Japanese Ambassador to China
- Incumbent
- Assumed office December 19, 2023
- Preceded by: Hideo Tarumi

Personal details
- Born: September 11, 1959 (age 66) Toshima, Tokyo, Japan
- Alma mater: Hitotsubashi University

= Kenji Kanasugi =

Japanese diplomat to the People's Republic of China (born 1959)

Kenji Kanasugi (金杉 憲治, Kanasugi Kenji) is the current Japanese ambassador to China. He is known for his extensive contributions to Japan's foreign relations in East Asia, particularly with China and the broader Asia–Pacific region. Joining Japan's Ministry of Foreign Affairs in 1983, he has held numerous significant roles in Japanese government and foreign affairs throughout his career.

Kanasugi's expertise spans both economic and regional diplomacy. Notable positions he has held include Director-General of the Economic Affairs Bureau and the Asian and Oceanian Affairs Bureau. His work involved managing key international relations, such as coordinating meetings between Japanese and Chinese leaders, including then-Prime Minister Shinzo Abe and Chinese president Xi Jinping. Additionally, Kanasugi served as a Senior Deputy Minister for Foreign Affairs in charge of economic issues, emphasizing his focus on economic diplomacy.

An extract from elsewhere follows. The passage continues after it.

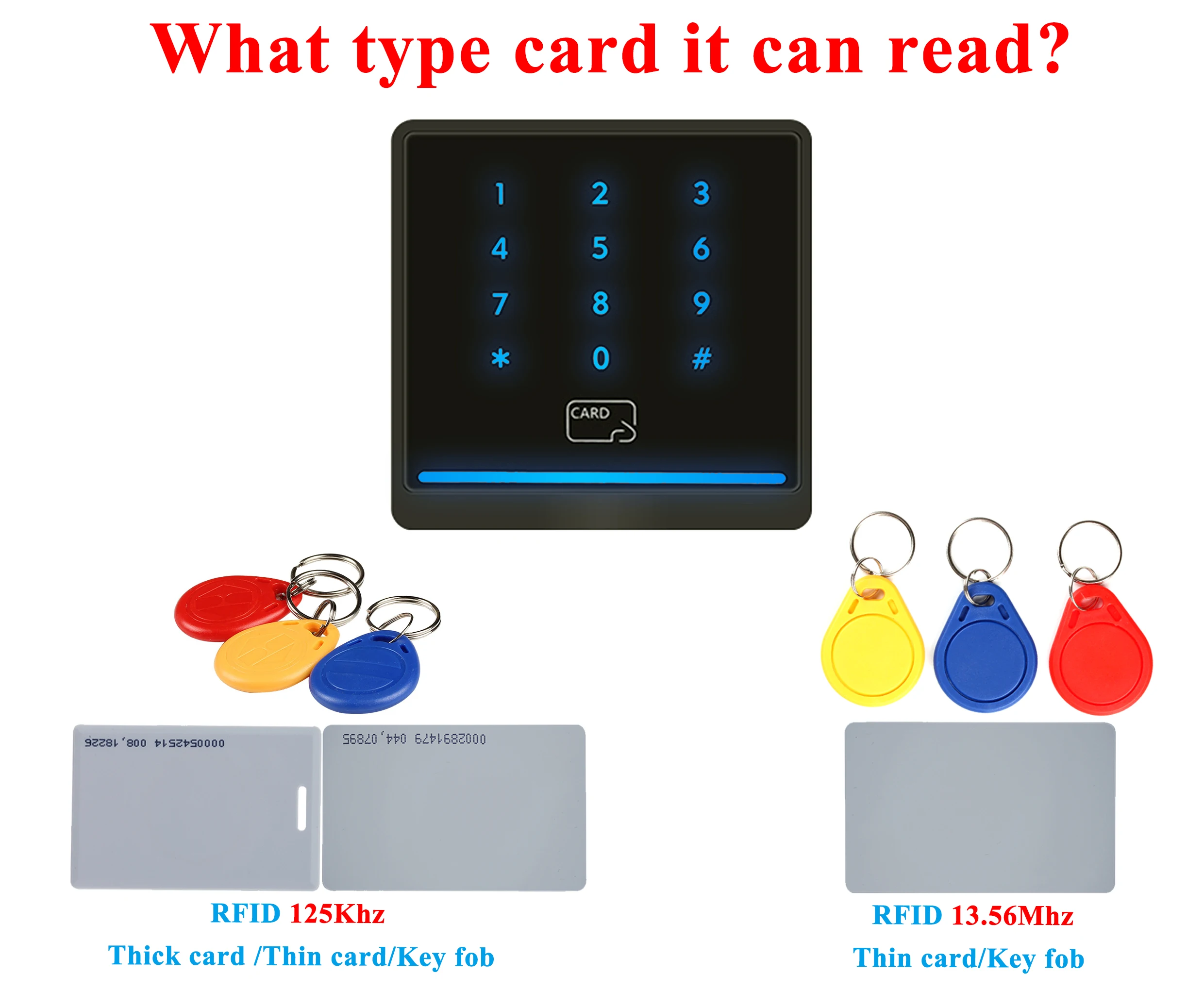 - Loại thẻ: Thẻ ID (125Khz) & Thẻ IC (13,56 MHz)

In 2020, Kanasugi became Japan's ambassador to Indonesia, where he worked on strengthening bilateral ties and addressing regional challenges. In October 2023, he was appointed Japan's ambassador to China. This marked a strategic move as he became the first ambassador in seven years outside the “China School” (a group of diplomats with specialized training in Chinese language and affairs). His appointment reflects Japan's intent to manage sensitive issues with China, such as maritime territorial disputes and economic tensions, through pragmatic and diplomatic approaches.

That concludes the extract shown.